Classifying Data
Visual Builder Description files end with a Builder output object. The Model Structure tab of the Builder object is where you set the information types. Input columns that do not have an information type setting are ignored and are not included in the model output.
This topic describes the three main information types. Most of the additional object attribute settings are found in the attributes section of the properties pane. This example shows attributes for a Builder object.
For information about additional column settings, see Setting Column Properties and the Builder Output Object Integrator topic.
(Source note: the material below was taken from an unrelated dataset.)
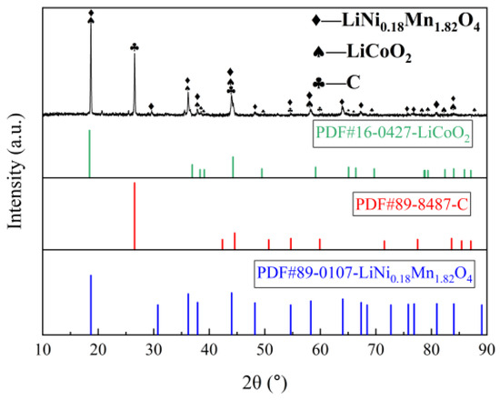 The raw materials utilized in the experiments were derived from mixed powders of the positive and negative electrodes of spent high-Mn lithium-ion batteries. These materials were sourced from domestic spent lithium battery recycling manufacturers. The chemical composition of the spent LIBs cathode powder is detailed in Table 1. As shown in the table, the Mn content of 18.10% is the highest in the cathode powder, and subsequent separation and recovery of Mn must consider interference with the separation of other elements. Other valuable elements, such as Ni, Co, and Li, also have high content levels, resulting in high overall recovery value.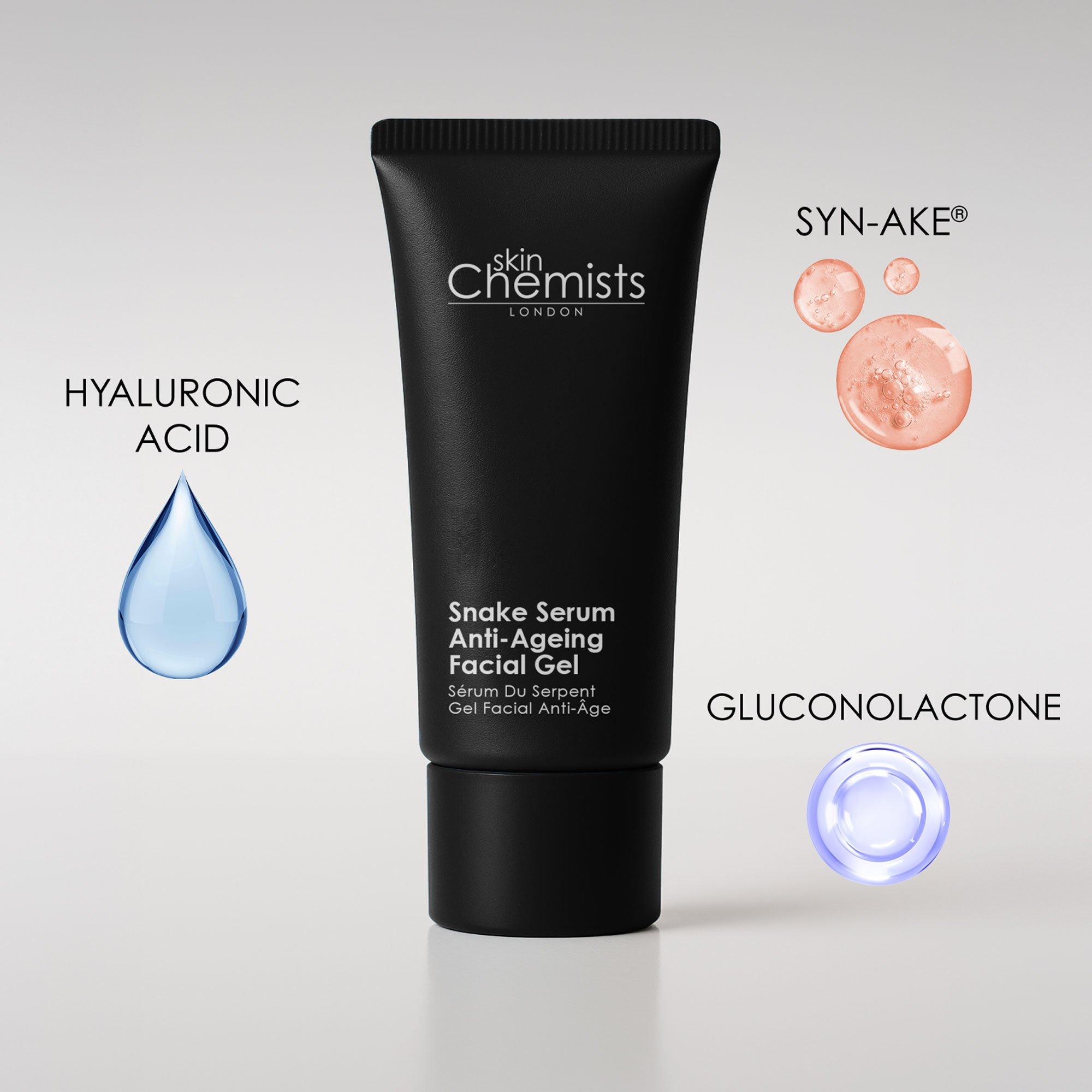 Discover skinChemists Revitalizing Snake Serum: your ultimate anti-aging solution. This vegan, cruelty-free gel, enriched with peptides and Hyaluronic Acid, deeply hydrates and reduces the look of fine lines and wrinkles. Enjoy firmer, radiant skin. Apply 2-3 drops morning and night.

All data elements that you want in the final model output must be classified into one of the following types of model fields:
Any field classified as a dimension becomes one of the dive fields in the ProDiver console. Each dimension represents a different approach to organizing and looking at your data. Some types of data that might qualify as dimensions are Name, Company, Part Number, Month, Hospital, Attending Physician, and Diagnosis Group. Keep the following points in mind when classifying dimensions:
- Builder has a limit of 32 core dimensions per model. A model with many dimensions might take a long time to build and be very large. Dimensional Insight recommends no more that 10-15 core dimensions per model when your record number exceeds 256,000.
- After a model is built, the ProDiver client can go beyond the 32-dimension limit by promoting info fields to dynamic dimensions using the Edit > Add/Edit Dimensions command in ProDiver. DiveMaster also allows you to save dynamic dimensions in a DivePlan. See About Promoting Info Fields to Dynamic Dimensions.
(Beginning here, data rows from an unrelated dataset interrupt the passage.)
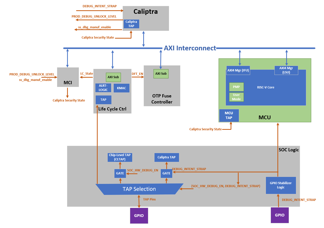 As an extension to controlling configuration, the Silicon RoT must control the security states (for more information, see Caliptra Security States). Certain security states by design grant full invasive capabilities to an external operator, for debug or field analysis.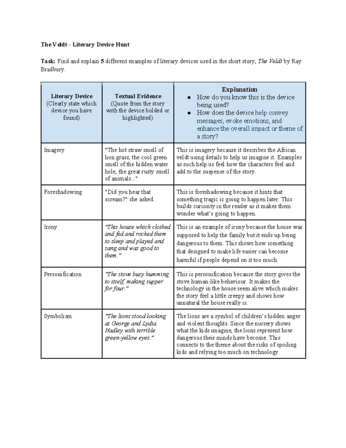 ENG2DE The Veldt Literary Devices Analysis Chart Studocu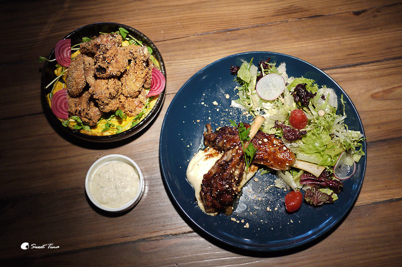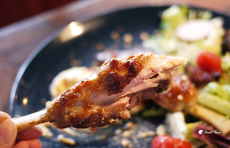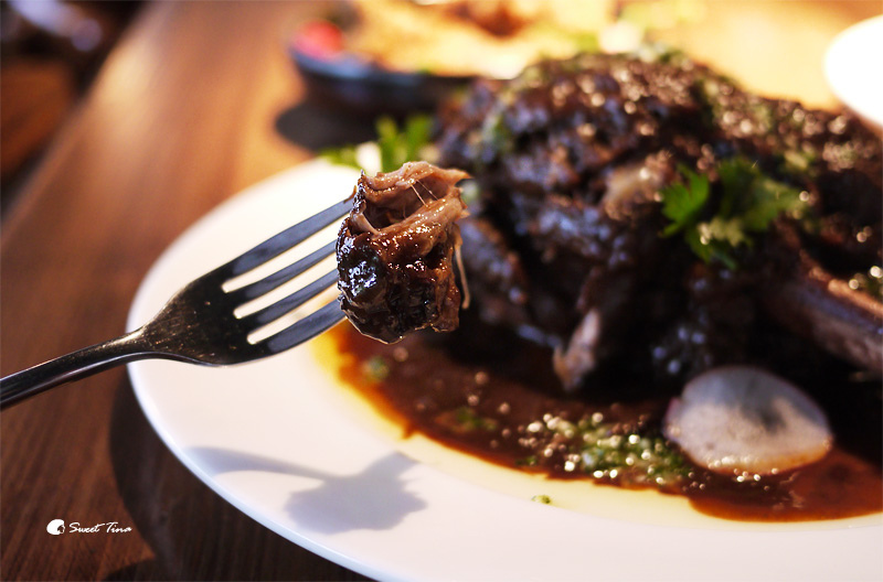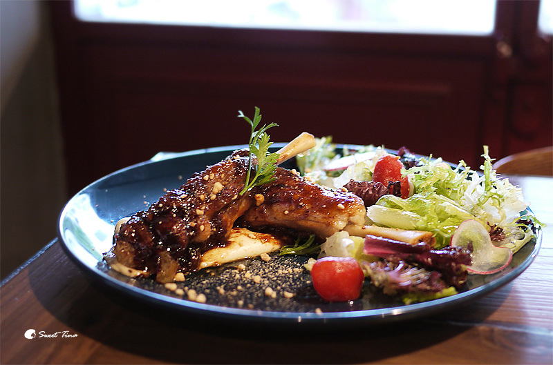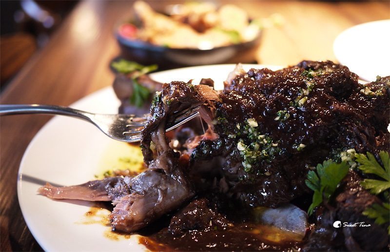 祕製醬汁碳烤豬腿腱 - 豬腿腱採用蔬菜高湯與白酒燉煮後再加入祕製醬汁燒烤,所以肉只要輕輕一撥就開了呢,搭配上帶有甜味的醬汁,咬下後的香氣會讓人回味無窮。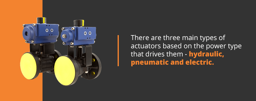 根据驱动它们的动力类型,执行器主要有三种类型——液压、气动和电动。所有形式的执行器都将能量转化为机械运动,无论是直线运动还是旋转运动。从本质上讲,执行器允许阀门的自动运动。每种类型的执行器都有特定的优点、缺点和用途: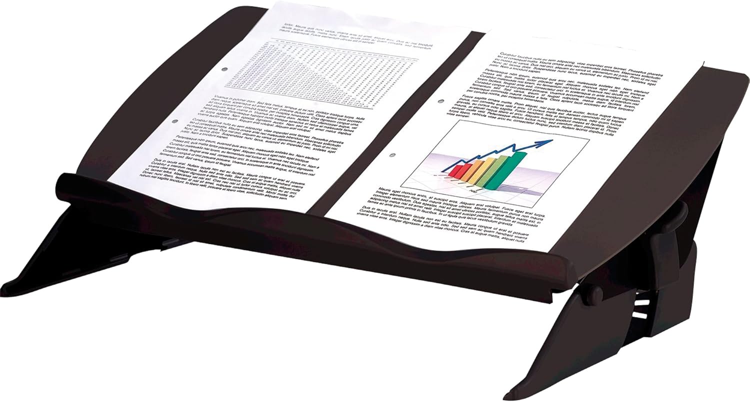 • Die vordere Leiste des Dokumententrägers stellt sicher, dass selbst dickere Bücher oder Kataloge bis 5 kg Gewicht sicher gehalten werden und nicht abrutschen

- Dynamic dimensions use the indexing of their associated core dimensions. If the lookup for the associated core dimension value is fast, then the dynamic dimension lookup is as fast. See Core versus Dynamic Dimensions.
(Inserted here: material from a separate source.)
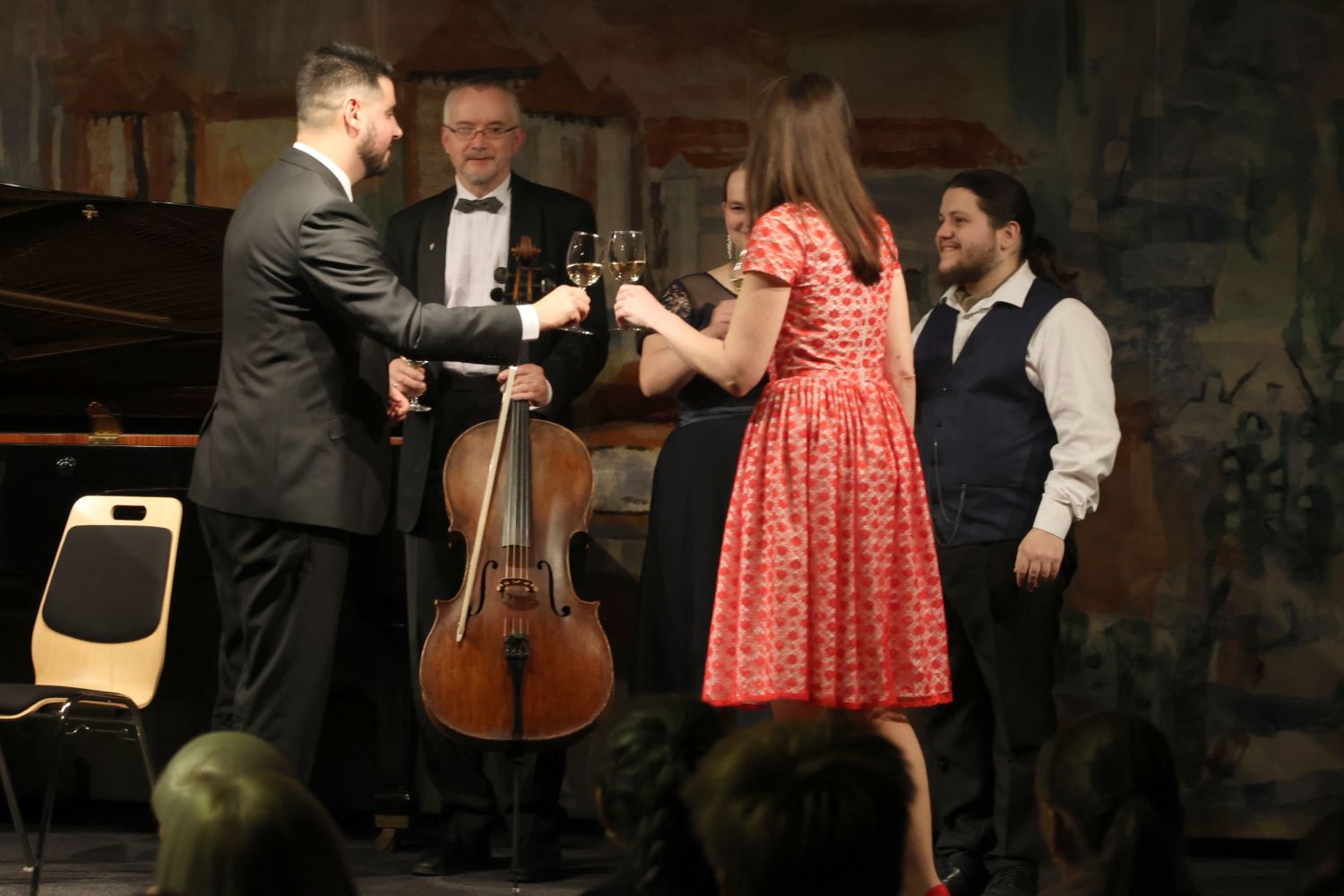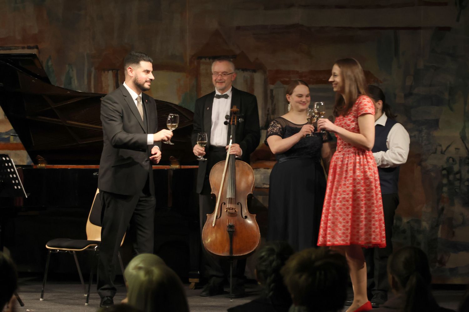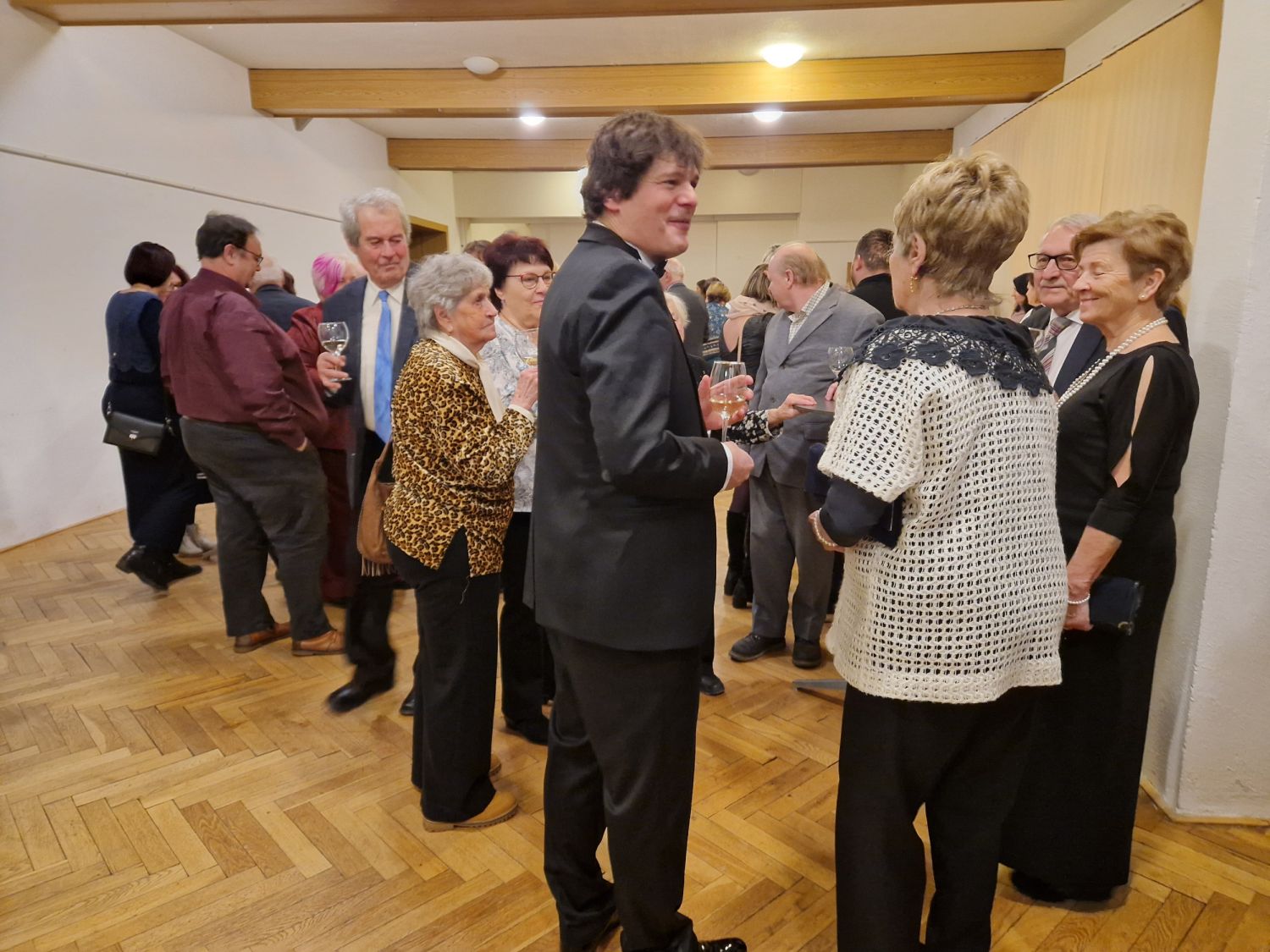 O přestávce si lidé připíjeli na úspěšný nový rok se starostou Alexandrosem Kaminarasem, jednatelkou Jupiter clubu Adélou Šoukalovou či s vystupujícím Jiřím Jahodou.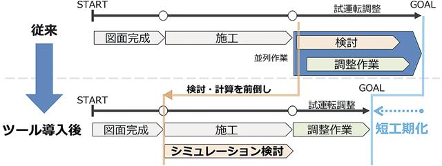 試運転調整支援ツールによる調整期間前倒しのイメージ

- The maximum field length for a single piece of data is 32,767 characters. Keep in mind that ProDiver displays only 512 characters for a dimension value.
- When building a memory model, core dimensions are not as indexed as they are if built in the command line Builder. They are built within the application memory area and are effectively dynamic, so there can be up to 200 dimensions defined.
Any field classified as a summary field becomes a data element heading in ProDiver, that is, a numeric column in the default tabular. Some types of data that might qualify as a summary are Cost, Revenue, Quantity Sold, Discharges, Surgical Days, and ER Cases. Keep the following points in mind when classifying fields as summaries:
- Mathematical calculations can be performed on these fields because they are numeric.
- These fields may include leading and trailing spaces and plus (+) or minus (-) signs before or after the digits.
- There is no limit to the number of summaries you can define.
- Each summary must be relevant to all dimensions for the model, since they are summed over all rows of data. Such a total must make sense.
Fields containing extra information related to a dimension should be defined as info fields. Codes or descriptions are typical types of info fields. If an info field is numeric, it can be used in calculations. Keep the following in mind when classifying info fields:
- Info fields can attach to only one dimension. To function correctly, info fields must be unique to their corresponding dimension value.
- For example, in a sales information model, the field Branch Manager can be defined as an info filed attached to Branch because there is only one Branch Manager per Branch. By contrast, it would not be acceptable to use Zip Code as an info field attached to a City dimension because many cities have more than one Zip Code. Zip Code could only be used as an info field if it was unique to each value of a dimension, meaning that there was only one per City. Some other types of data that might qualify as info fields are Account Number based on Customer, Description based on Part Number, or Birth Place based on Patient.
- If the data is not as expected and a one-to-one relationship does not exist, Builder makes note of the situation in the build journal, but proceeds to build the model using the first encountered value.
- There is no limit to the number of info fields associated with a dimension. The total size of all info fields based on a single dimension should not exceed 32,767 characters, otherwise an error occurs. Keep in mind that ProDiver displays only 512 characters for an info field.
- Info fields in the model are potential dynamic dimensions. The ProDiver client can go beyond the 32-dimension limit by promoting info fields to dynamic dimensions using the Edit > Add/Edit Dimensions command in ProDiver. DiveMaster also allows you to save dynamic dimensions in a DivePlan. See About Promoting Info Fields to Dynamic Dimensions.
- See Core versus Dynamic Dimensions for help deciding which fields are best as core or dynamic dimensions.